Description
Job Description Summary
The Cybersecurity Engineer provides design and engineering expertise for the Cybersecurity organization to application support teams delivering external and internal services. A successful candidate can bring their expertise in Kubernetes, containers, and DevOps practices to our Cybersecurity team. If you're passionate about securing cloud-native applications and infrastructure, this role is for you! The Cybersecurity Engineer is responsible for providing diverse solutions preventing attacks ranging from brute force exploitation to sophisticated lateral movement that are in alignment with overall business and cybersecurity objectives.

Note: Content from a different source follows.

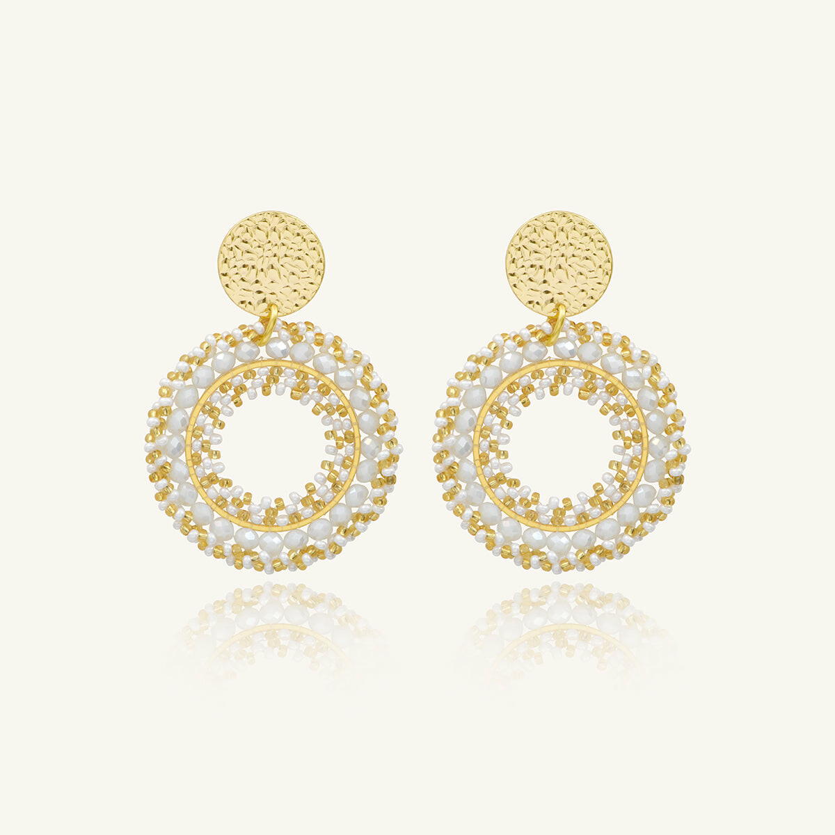 Boucles d'oreilles Sàntibé Bijoux Atacama en laiton, métal doré et perles blanc doré

Even if you don't have direct cybersecurity experience, we're interested in talking to you if you have a strong background in Kubernetes, container orchestration, and DevOps principles. We'll provide you with the training and support to apply your skills to securing our applications and APIs against various threats. In other words, this is a great opportunity to transition into Cybersecurity!
The position is a member of a collaborative agile team that is motivated and self-organizing. Team members are focused on providing similar cybersecurity capabilities that are high-quality, easily consumable, and optimized to provide security mitigation value. The team is empowered to make decisions on how the capabilities are delivered, operated, and improved.
Key Responsibilities
- Provide excellent customer service for internal and external customers in support of security initiatives, incident response, and operational support.
- Develop, maintain, and automate application protection technologies throughout Huntington's enterprise environment.
- Provide subject matter expertise to the Cybersecurity Operations Center that is monitoring and responding to alerts and incidents.
- Demonstrate flexibility and resiliency responding to dynamic or ambiguous situations.
- Stay current on industry trends, evolving application protections, cloud provider capabilities, and the ever-increasing threat landscape.
- Perform implementation of CNAPP tools in multi-account AWS, Azure, and OpenShift environments.
- Develop Infrastructure as Code (IaC) using Terraform and integrate security scanning into CI/CD pipelines.
- Develop custom control checks within CNAPP Platforms using JSON, REGO, or Terraform.
- Collaborate with DevOps and application development teams to build secure enterprise applications.
- Troubleshoot and maintain the security of our Kubernetes clusters and container environments.
Basic Qualifications:
- 5 Years of any of the below basic qualifications experience combined:
- 3+ years of experience working with Kubernetes and container orchestration platforms.
- 3+ years of experience managing the security of pods/containers and images.
- 3+ years of experience deploying code using Terraform.
- 3+ years of experience with container orchestration networking.
- 3+ years of experience integrating and managing security platforms in corporate environments or developing secure enterprise business applications.
- 3+ years of experience with at least one high level programming language (e.g., Python, Go, Java, JavaScript, etc.).
- 3+ years of experience integrating security tools into CI/CD pipelines and collaborating with DevOps and application development teams.
- A Bachelor’s degree or equivalent work experience.
Preferred Qualifications:
- Hands-on experience building security into various products, infrastructure, or platforms or experience with DevSecOps.
- Extensive experience operating a Cloud Workload Protection platform such as Aqua Security (preferred), Palo Alto Prisma Cloud, Lacework, Dome9, Snyk, Wiz.io, or Orca.
- Knowledge in understanding various domains such as security architecture, system and network security, authentication and authorization protocols, cryptography, and application security.
- Cloud Security certifications are preferred.
- Experience securing public, b2c, b2b, and internal APIs.
- Experience automating the provisioning and verification of on-premises and cloud security services.
- Advanced level knowledge of operating systems (e.g., Windows, Linux, & Unix).
- Experience working in an agile work team.
- Thrives in fast pace and dynamic environments.
- Energized by mitigating sophisticated threats targeting enterprises and customers.
- 3+ years of experience working with security by design principles, architecture level concepts, security frameworks (NIST and PCI), OWASP, etc.
- 5+ years of experience in a role that requires written and verbal communication with customers.